Ступив в снег промокшими ногами, Подорогин машинально пошел на голоса Печкина и Зураба. Те что-то обсуждали у бесконечной, уходящей в туман разрушенной кирпичной стены. Печкин потрясал перед Зурабом сцепленными руками, грузин отмахивался автоматом.
Неподалеку от стены и параллельно ей тянулись покосившиеся столбики профильного железа. На некоторых из столбиков сохранились ржавые огрызки сетки и на всех без исключения, сколько хватало взгляда, сидели вороны. Стоило Зурабу с Печкиным скрыться в проломе за стеной, как из-за нее, галдя, выросла целая станица. Подорогин замедлил шаг: и вороны на столбиках, и гремящая в вышине стая, даже шахматная кайма пролома, — все это представилось ему когда-то виденным, пережитым. Он хотел окликнуть Печкина, но тут что-то со всей силы ударило плашмя по правому уху, оглушило его. Вороны бесшумно снялись со столбиков.
Обернувшись, Подорогин увидел Юру, который целился в него из пистолета. Меховая куртка Юры была почему-то наполовину снята, болталась на одном плече. Сизый пороховой дымок растворялся над ним в морозном воздухе. Подорогин накрыл контуженное ухо и, стоя вполоборота к крохотному, выглядывавшему из татуированного кулака, будто ручная мышь, оружию, подумал, что Юра промахнулся лишь оттого, что целился ему в голову. Между ними было метров пять, не более. Еще Подорогин успел подумать о том, что даже если пуля попадет в него, он не умрет, а произойдет что-то другое, еще более странное. Потом позади и выше Юры раздалось облачко, осевшее красным на снегу, и лицо его неузнаваемо, страшно разгладилось. Юра поднял пистолет на плечо, словно собирался почесать спину, и посмотрел себе на дымящуюся грудь. Пошатнувшись после этого, степенно, как перед амвоном, он стал опускаться на колени.
Подорогин попятился и зашел в пролом. Здесь он увидел Печкина, который стоял у стены и таращился на раскинувшегося перед ним Зураба. В двух шагах от стриженой головы грузина в венчике просевшего от крови снега брала начало красная брызчатая тень, тянувшаяся до самой стены. Впрочем, не столько притягивала взгляд эта тень, даже не простреленная голова, сколько вставшая дыбом породистая шерсть на еще дрожавшей кисти убитого.
Подорогин обернулся к Печкину.
— МАСК. ЗАХОРОНЕНИЕ? — проорал он, еще оглушенный. — Кто вы все такие, вашу мать?!

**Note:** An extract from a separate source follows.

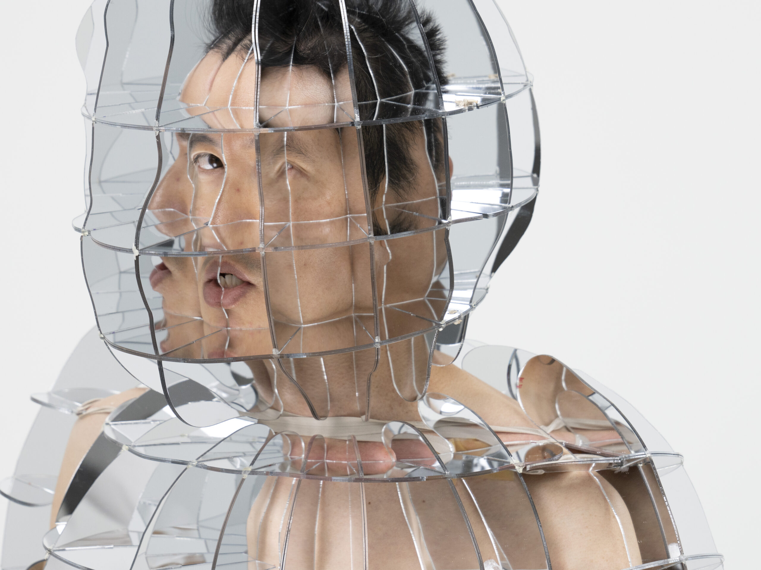 “Mirror Armor” (2021), another piece created during the pandemic, is an intricate, full-body suit made of mirrors that takes about two hours to put on, though he can only bear to wear it for an hour. “It’s very uncomfortable and quite heavy,” he says. Watching a video of him lumbering around in it, you can see the absurdity of our infatuation with our appearances, the silliness of vanity taken to the extreme.

Однако Печкина колотило, он не мог отвечать.
Подорогин пошел обратно в пролом. По дороге к джипу он дал крюка, обходя лежавшего лицом в снег Юру, и поскользнулся на огромных ребрах с ошметьями щетинистой плоти. В «Субурбане» никого не было. От распахнутой двери водителя в снежную целину, в туман уходила рваная цепочка следов, перебитая размашистой вмятиной падения. Подорогин сел за руль и, не соображая, давил вхолостую на педали. Погодя в джип забрался Печкин. Тот же час в пальто у Подорогина зазвонил телефон. Не отвечая, он передал трубку Печкину. Толстяк, тяжело дыша, молча выслушал все, что ему было сказано, и вернул телефон со словами:
— Ко мне, пожалуйста.
В совершенном оцепенении — которое, впрочем, не мешало ему следить за дорогой и управлять тяжелой машиной, — Подорогин доехал до дома Печкина и остановился ровно в том месте, в каком остановился первый раз Толян. На приборной панели лежали замшевые перчатки Юры. Под оплетку лобового стекла была вставлена фотокарточка неизвестной белокурой красавицы. Подорогин заглушил двигатель. Печкин позвал его идти в дом.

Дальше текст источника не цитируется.